(Given entries Opens)
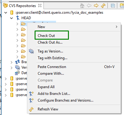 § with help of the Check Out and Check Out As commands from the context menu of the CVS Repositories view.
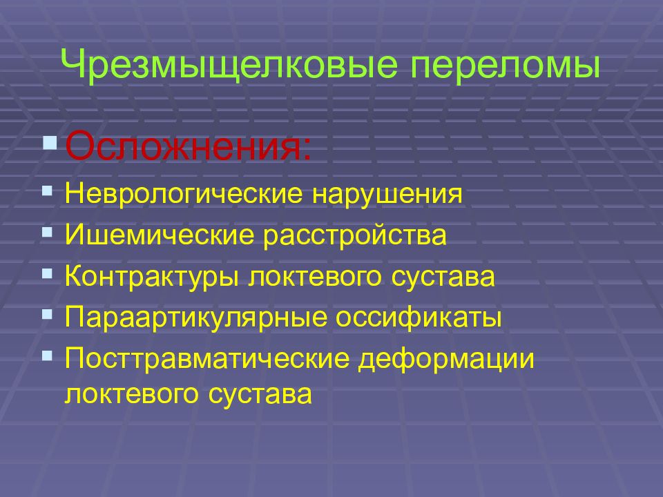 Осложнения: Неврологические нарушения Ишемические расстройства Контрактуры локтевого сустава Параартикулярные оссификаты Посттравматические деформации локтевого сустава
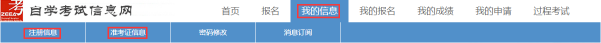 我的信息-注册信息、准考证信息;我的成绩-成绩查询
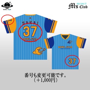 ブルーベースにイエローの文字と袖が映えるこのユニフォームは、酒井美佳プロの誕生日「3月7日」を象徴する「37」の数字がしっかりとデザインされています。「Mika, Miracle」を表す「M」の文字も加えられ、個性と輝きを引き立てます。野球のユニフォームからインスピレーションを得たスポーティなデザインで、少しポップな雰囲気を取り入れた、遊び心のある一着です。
(Given entries Closes)
(Given entries Opens)
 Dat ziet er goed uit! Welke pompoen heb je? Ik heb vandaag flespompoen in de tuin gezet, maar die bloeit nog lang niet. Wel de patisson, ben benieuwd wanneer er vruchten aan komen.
(Given entries Closes)
Copy exactly the lines of the entries above from the one containing "CVS Repositories view." through the one containing "我的信息-注册信息、准考证信息;我的成绩-成绩查询". Both end lines count; pictures do not.

 § with help of the Check Out and Check Out As commands from the context menu of the CVS Repositories view.
 Осложнения: Неврологические нарушения Ишемические расстройства Контрактуры локтевого сустава Параартикулярные оссификаты Посттравматические деформации локтевого сустава
 我的信息-注册信息、准考证信息;我的成绩-成绩查询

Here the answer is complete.